In Moffitt v. TD Canada Trust, 2023 ONCA 349, the Court of Appeal commented on Ontario courts’ lack of transparency with respect to decision making. The issue arose in an appeal from a successful motion for summary judgment. Writing for the court, Brown J. reiterated the Supreme Court of Canada’s comments in Hryniak v. Mauldin, 2014 SCC 7, that most Canadians cannot afford to litigate, that a conventional trial is not a realistic alternative for most litigants, and that a culture shift is therefore required to create an environment that promotes timely and affordable access to justice — in part, by moving the emphasis away from the conventional trial and by recognizing that alternative models of adjudication are no less legitimate.
Justice Brown highlighted the available “menu” of final adjudication on the merits procedural tools (including Rule 21 motions, applications, simplified procedure, and summary judgment). In an important footnote, Brown J. then analyzed a recent sample of cases reported on CanLII and concluded that parties had resorted to non-trial procedures approximately four times more frequently than trials. However, he stated that the absence of consistent operational data reported by courts made it difficult to address litigation policy and process empirically, particularly in light of the requirement that a summary judgment motion judge consider whether the summary judgment process is “a proportionate, more expeditious and less expensive means to achieve a just result”.
Justice Brown’s footnote is reproduced here:
It is an unfortunate state of affairs that neither the Superior Court of Justice in Ontario nor the Court of Appeal for Ontario publishes information about how they manage and dispose of their caseload. The lack of detailed, consistent operational data from those courts and the resulting lack of transparency, impedes the ability to understand and then improve the performance of those courts. To gain some understanding of how those courts deal with cases in practice, one is left to resort to the imprecise tool of examining cases reported on CanLII.
One can develop a rough profile of the use of various final-adjudication-on-the-merits procedural devices by reviewing decisions from the Superior Court of Justice posted on CanLII. I developed such a profile for decisions posted in March 2023, using the data recorded on CanLII as of April 14, 2023. I picked the month of March 2023 at random.
Of the 261 cases reported on CanLII from the Ontario Superior Court of Justice 53 involved civil (non-family) proceedings in which a party sought a final adjudication on the merits. The most frequently used procedural device was the application (24 decisions), followed by summary judgment (10 decisions), non-jury trials, including a r. 76 simplified procedure trial (10 decisions), r. 21.01 motions (4), default judgment motions (3), a r. 21.02 motion (1), and a r. 34.15 motion (1), as summarized on the following table:
These numbers suggest, at least for the month randomly picked, that parties resort to non-trial procedural devices to obtain a final adjudication approximately four times more frequently than to trials […].The absence of comprehensive institutionally-reported data therefore makes it difficult to deal empirically with questions of litigation policy and process, such as those that arise in this case.
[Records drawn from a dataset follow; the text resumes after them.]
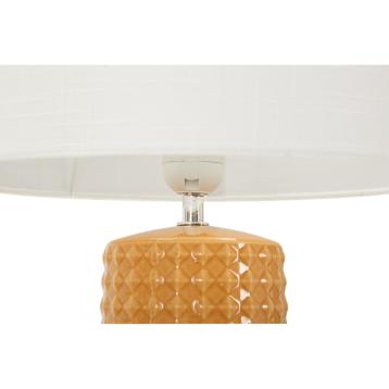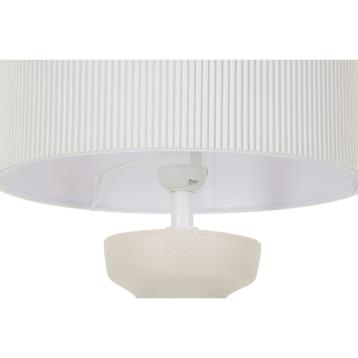 Lampada da tavolo in ceramica bianca e dorata dal design morbido e avvolgente. completa di paralume in tessuto bianco.
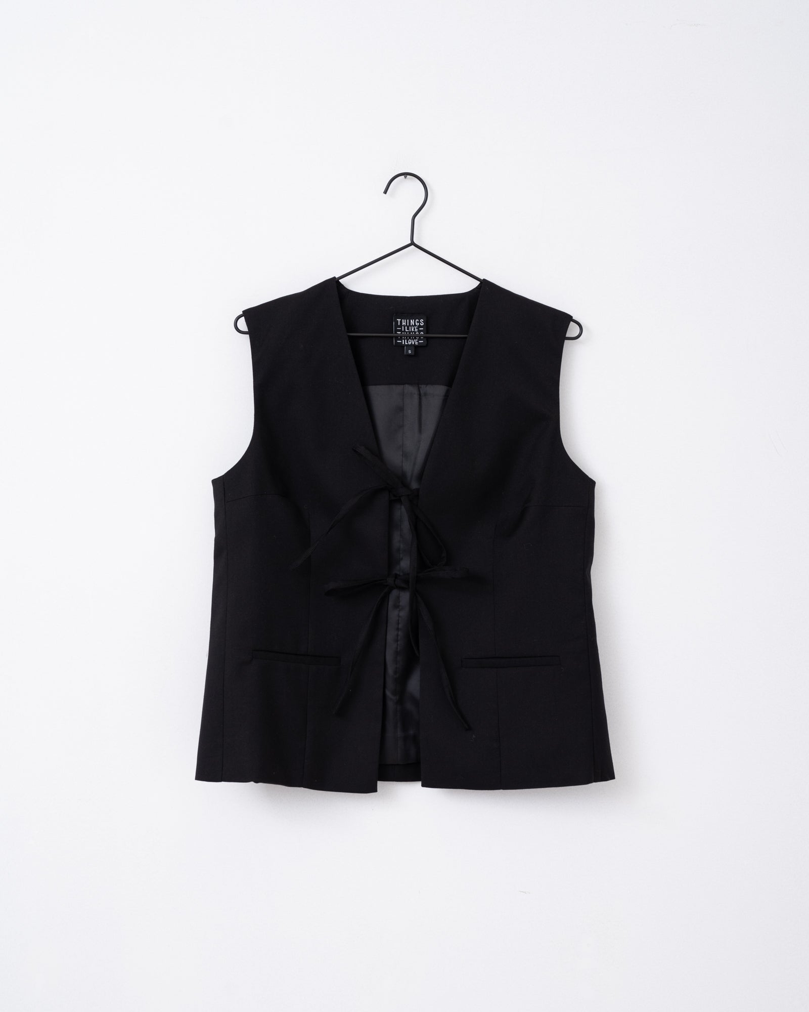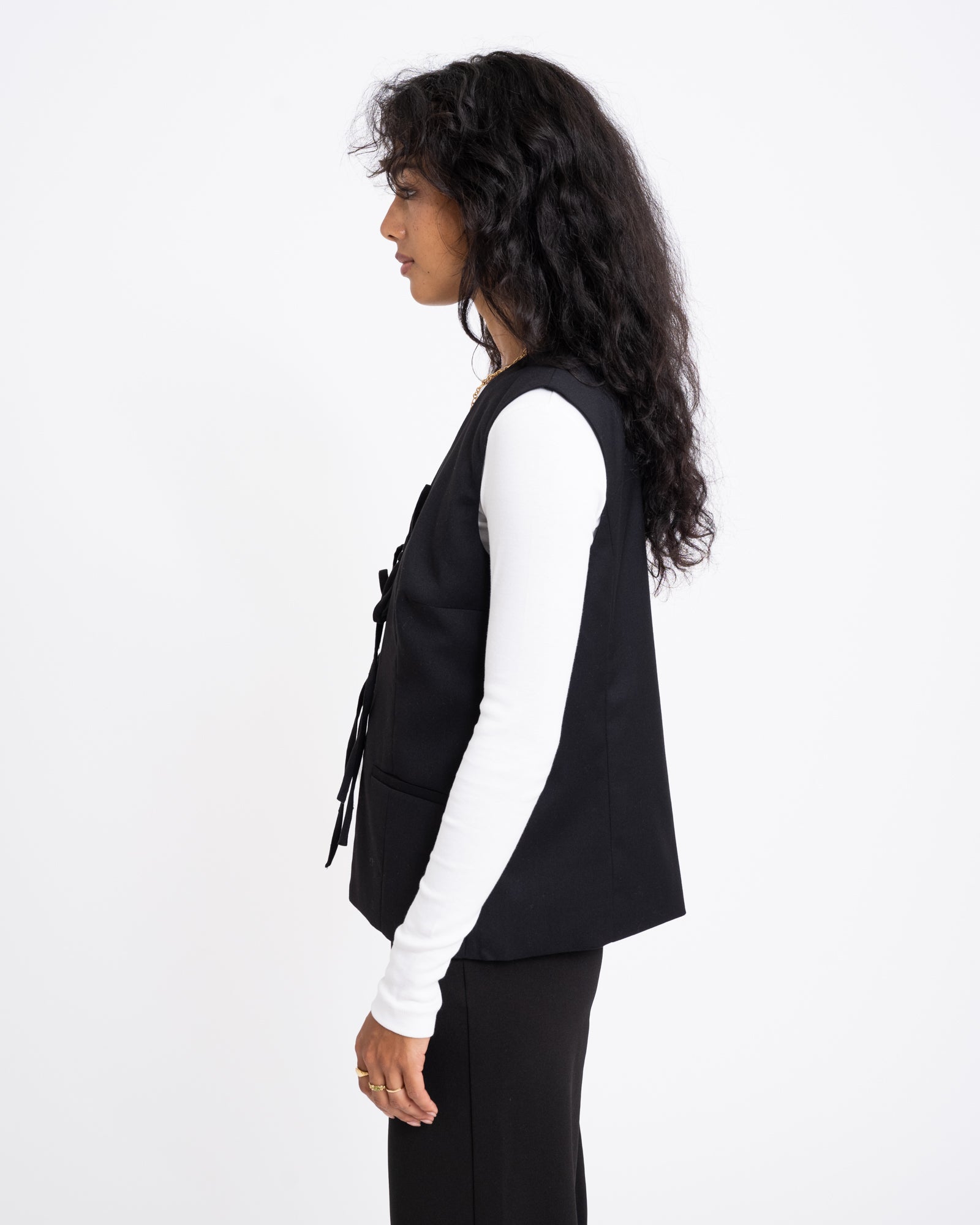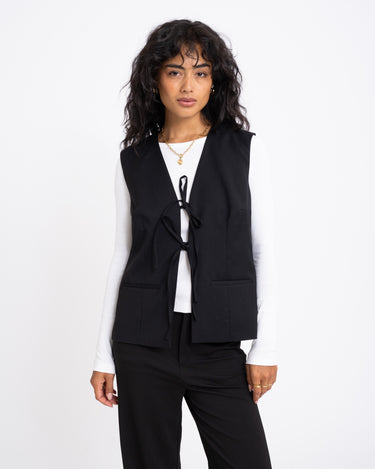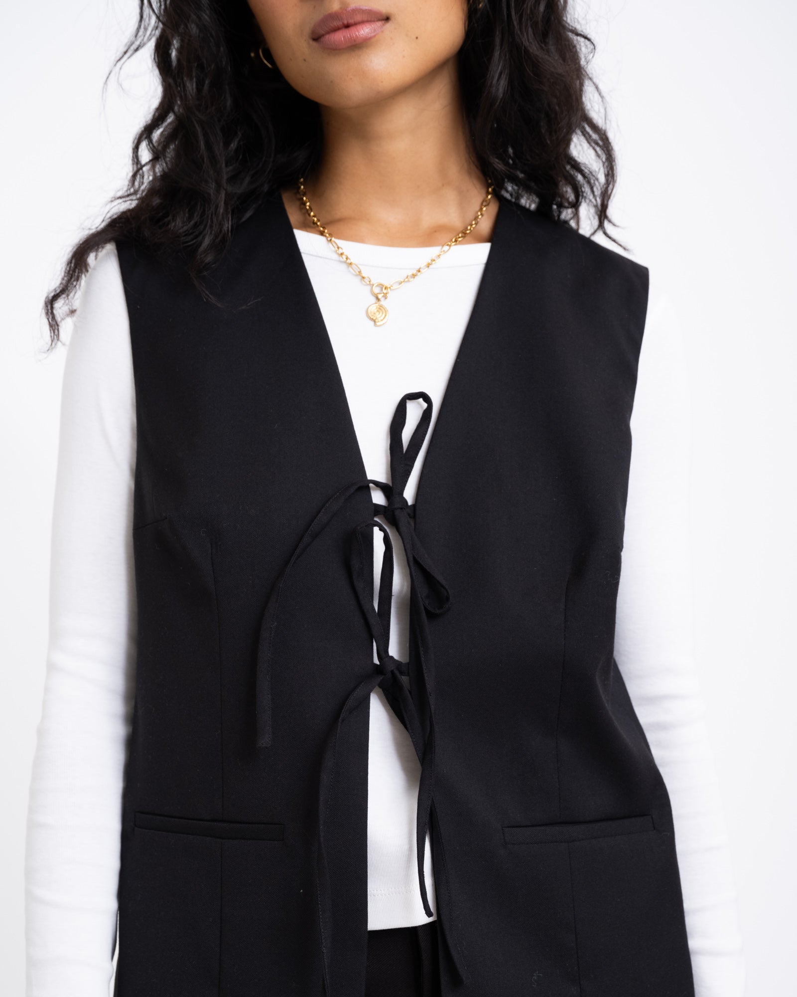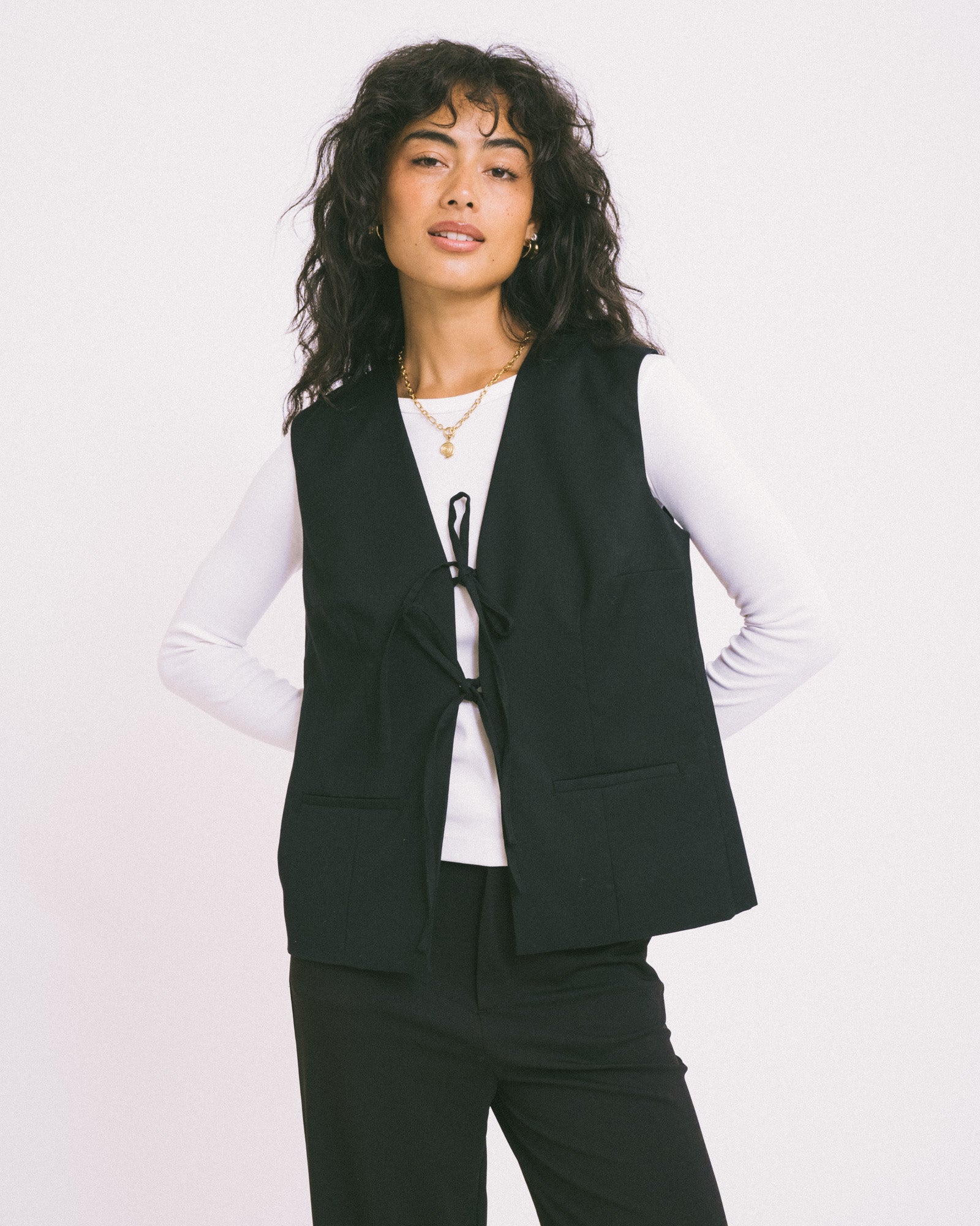 Wir haben eine neue Weste in unsere Kollektion aufgenommen: die Suki-Weste! Ein schicker Blazer mit einem trendigen Twist dank der Schnüre zum Verschließen.
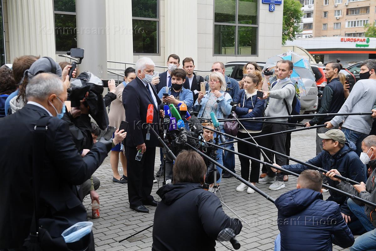 Заседание по делу губернатора Хабаровского края Сергея Фургала, обвиняемого в организации покушений на убийство и убийствахв, в Мосгорсуде. Адвокат Борис Кожемякин (справа) после заседания суда.
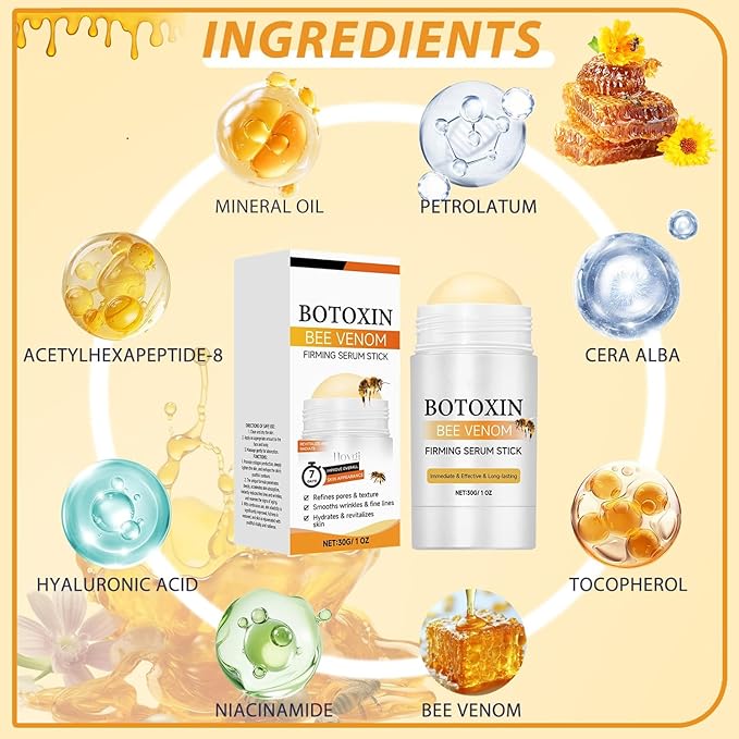 - 【Bee venom Firming Serum Stick】This Beevenom firming serum stick is like a caring skin care, can promote hydration and moisturizing, glow natural youth
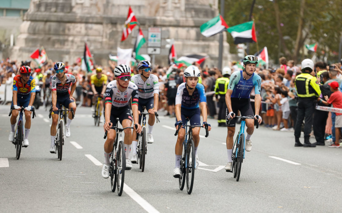 El recorrido debía transcurrir dando varias vueltas en un circuito urbano por la capital vizcaína, pero no fue posible. Las octavillas volaban al paso de los corredores y las banderas palestinas inundaban el recorrido, rozando a los ciclistas. Tras vivir momentos de tensión máxima, la organización decidió suspender la etapa.
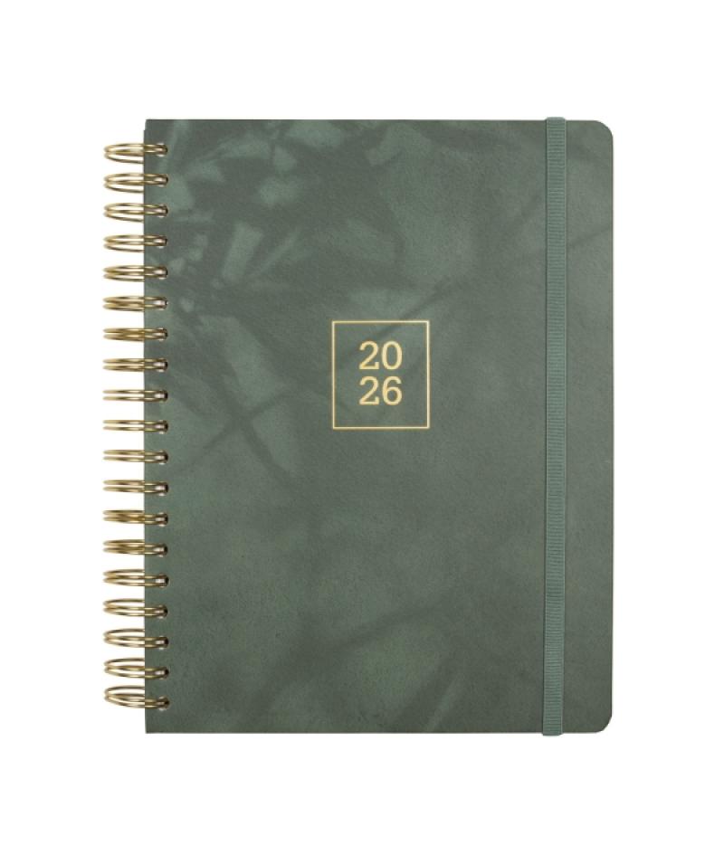 Papelería / Material de oficina - Material de oficina - Agendas, Dietarios, Calendarios, Bloques anuales, etc. - Agendas 393313 - Finocam Optimal Agenda de Espiral Internacional - Anual 2026 - Planificador - Cierre de Goma - Formato B5 - 176x250mm - Semana Vista Horizontal - Color VerdeBeneficiario :
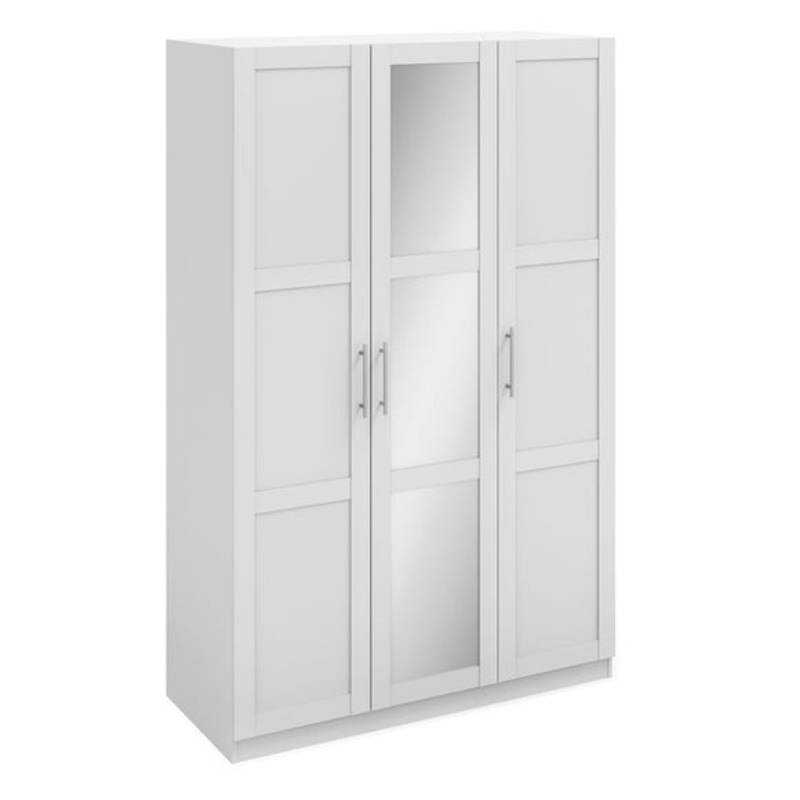 2 hanging rails2 shelvesMetal effect plastic handlesOptional Mirrored frontShaker Framed FrontsVertical Build SystemThis Sudbury Framed Triple Wardrobe offers an extra-height wardrobe with a vertical build system, internal shelves, and sturdy metal door hi
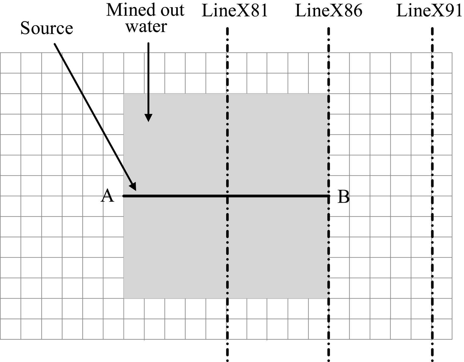 Fig.6 Diagram of a complex model with one mined out water body |
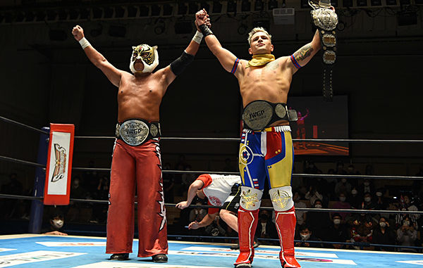 The duo of Tiger Mask and current IWGP Junior Heavyweight Champion Robbie Eagles defeated Yoshinobu Kanemaru and El Desperado for the titles.

Later in the decision, Brown J. stated that the “lack of data makes it very difficult to determine with any accuracy the average time it takes for a civil jury action to proceed from its commencement to a verdict, a piece of information important to any proportionality analysis conducted under the Hryniak summary judgment test”. 
In addition to commenting on courts’ lack of institutionally reported data, Brown J. also clarified the principles applicable to a motion for summary judgment, including whether and in what circumstances one may be brought in a civil action in which a party has served a jury notice. In doing so, he rejected an argument that a special test should apply in a civil action where a jury notice has been delivered, and affirmed the motion judge’s view that such an approach would be inconsistent with the text of Rule 20, the culture shift towards cost-effective alternatives to trial, and the direction of Hryniak that summary judgment should be granted when it is just and proportionate to do so. The existence of a jury notice is one factor to consider, but not the primary one. This was a flexible application of the summary judgment procedure and a nod towards the importance of a “culture shift” in the Ontario civil system.